Ely Erica V, Lenz Kristin L, Paradi Sophie G, Ack Seth, Behrmann Abraham, Dunivan Sarah, Braxton Lauryn, Liedtke Wolfgang, Chen Yong, Collins Kelsey H, Guilak Farshid
Department of Orthopaedic Surgery, Washington University in Saint Louis, Missouri, Saint Louis, 63110, USA.
Shriners Hospitals for Children-St. Louis, St. Louis, Missouri, USA.
Arthritis Res Ther. 2025 Jul 19;27(1):152. doi: 10.1186/s13075-025-03620-w.
Osteoarthritis (OA) is a debilitating joint disease characterized by cartilage degeneration, synovial inflammation, and bone remodeling, with limited therapeutic options targeting the underlying pathophysiology. Mechanosensitive ion channels Piezo1 and Piezo2 play crucial roles in chondrocyte responses to mechanical stress, mediating mechanotransduction pathways that influence chondrocyte survival, matrix production, and inflammatory signaling, but their distinct contributions to OA pathogenesis remain unclear.
Using inducible, chondrocyte-specific Aggrecan-Cre (Acan) mice, we investigated Piezo1, Piezo2, and combined Piezo1/2 conditional knockouts (cKOs) using the destabilization of the medial meniscus (DMM) model of post-traumatic OA in male and female mice. Pain and behavioral assessments were conducted at four time points to evaluate OA progression, while cartilage damage, bone remodeling, and synovial inflammation were assessed at the final endpoint of 28 weeks. Statistical analyses included one-way and two-way ANOVA with Tukey's multiple comparison test.
Piezo1 cKO delayed pain onset but ultimately exacerbated cartilage degradation and synovitis, emphasizing its dual role in protective and pathogenic mechanotransduction. While the Piezo2 cKO reduced pain and preserved activity, it failed to protect cartilage. Notably, Piezo1/2 cKO provided the greatest protection against cartilage degeneration, synovitis, and pain. Micro-computed tomography analyses revealed that Piezo2 is critical for maintaining trabecular bone integrity, with a Piezo2 cKO leading to decreased bone volume, thickness, and density, independent of injury. Piezo2 cKO also reduced normal meniscal ossification that occurs with age in mice. In contrast, a Piezo1/2 cKO normalized most bone remodeling parameters observed in Piezo2 cKO mice but did not restore medial tibial plateau thickness, highlighting Piezo2's essential role in bone structure.

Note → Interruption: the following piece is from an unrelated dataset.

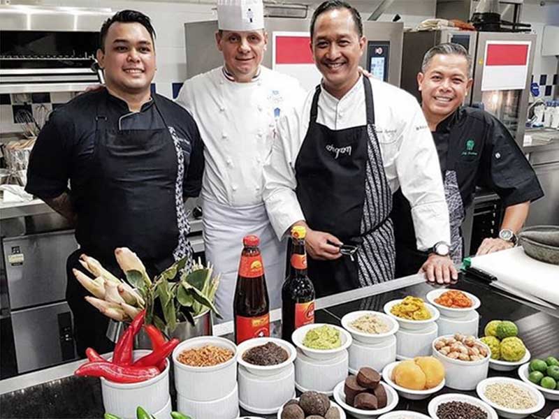 DEGAN Septoadji, Koki Indonesia, mengajarkan cara memasak soto dan kari ayam dalam kelas memasak ketiganya di sekolah kuliner kenamaan Le Cordon Bleu di Paris, Prancis, Rabu (19/9) waktu setempat.

These findings demonstrate the overlapping and compensatory roles of Piezo1 and Piezo2 in OA pathogenesis. Dual inhibition of Piezo1 and Piezo2 may offer a novel, effective therapeutic strategy targeting both structural and symptomatic aspects of the disease.

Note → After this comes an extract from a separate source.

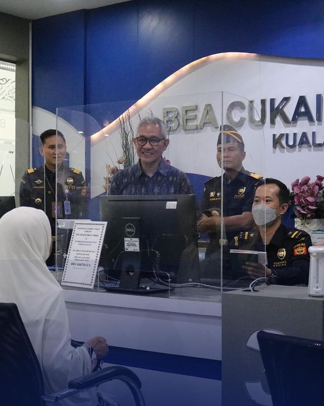 Dalam menyambut libur panjang Lebaran Idul Fitri 1444 H, Direktur Jenderal Bea dan Cukai, Askolani,meninjau kesiapan dari sisi pengawasan dan pelayanan Bea Cukai Kualanamu di Terminal Kedatangan Internasional Bandara Kualanamu(18/04).
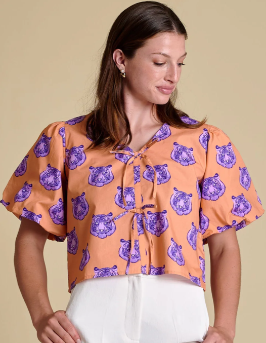 Stewart Simmons Puff Sleeve Top with Tiger Heads

骨关节炎(OA)是一种使人衰弱的关节疾病,其特征为软骨退变、滑膜炎症和骨重塑,针对潜在病理生理学的治疗选择有限。机械敏感离子通道Piezo1和Piezo2在软骨细胞对机械应力的反应中起关键作用,介导影响软骨细胞存活、基质产生和炎症信号传导的机械转导途径,但其对OA发病机制的不同贡献仍不清楚。
使用诱导性软骨细胞特异性聚集蛋白聚糖-Cre(Acan)小鼠,我们在雄性和雌性小鼠的创伤后OA内侧半月板不稳定(DMM)模型中研究了Piezo1、Piezo2以及联合的Piezo1/2条件性敲除(cKO)。在四个时间点进行疼痛和行为评估以评估OA进展,而在28周的最终终点评估软骨损伤、骨重塑和滑膜炎。统计分析包括单向和双向方差分析以及Tukey多重比较检验。
Piezo1 cKO延迟了疼痛发作,但最终加剧了软骨降解和滑膜炎,强调了其在保护性和致病性机械转导中的双重作用。虽然Piezo2 cKO减轻了疼痛并保持了活动能力,但未能保护软骨。值得注意的是,Piezo1/2 cKO对软骨退变、滑膜炎和疼痛提供了最大程度的保护。微型计算机断层扫描分析显示,Piezo2对维持小梁骨完整性至关重要,Piezo2 cKO导致骨体积、厚度和密度降低,与损伤无关。Piezo2 cKO还减少了小鼠随年龄增长而发生的正常半月板骨化。相比之下,Piezo1/2 cKO使Piezoe2 cKO小鼠中观察到的大多数骨重塑参数正常化,但未恢复内侧胫骨平台厚度,突出了Piezo2在骨结构中的重要作用。
这些发现证明了Piezo1和Piezo2在OA发病机制中的重叠和补偿作用。对Piezo1和Piezo2的双重抑制可能提供一种针对该疾病结构和症状方面的新型有效治疗策略。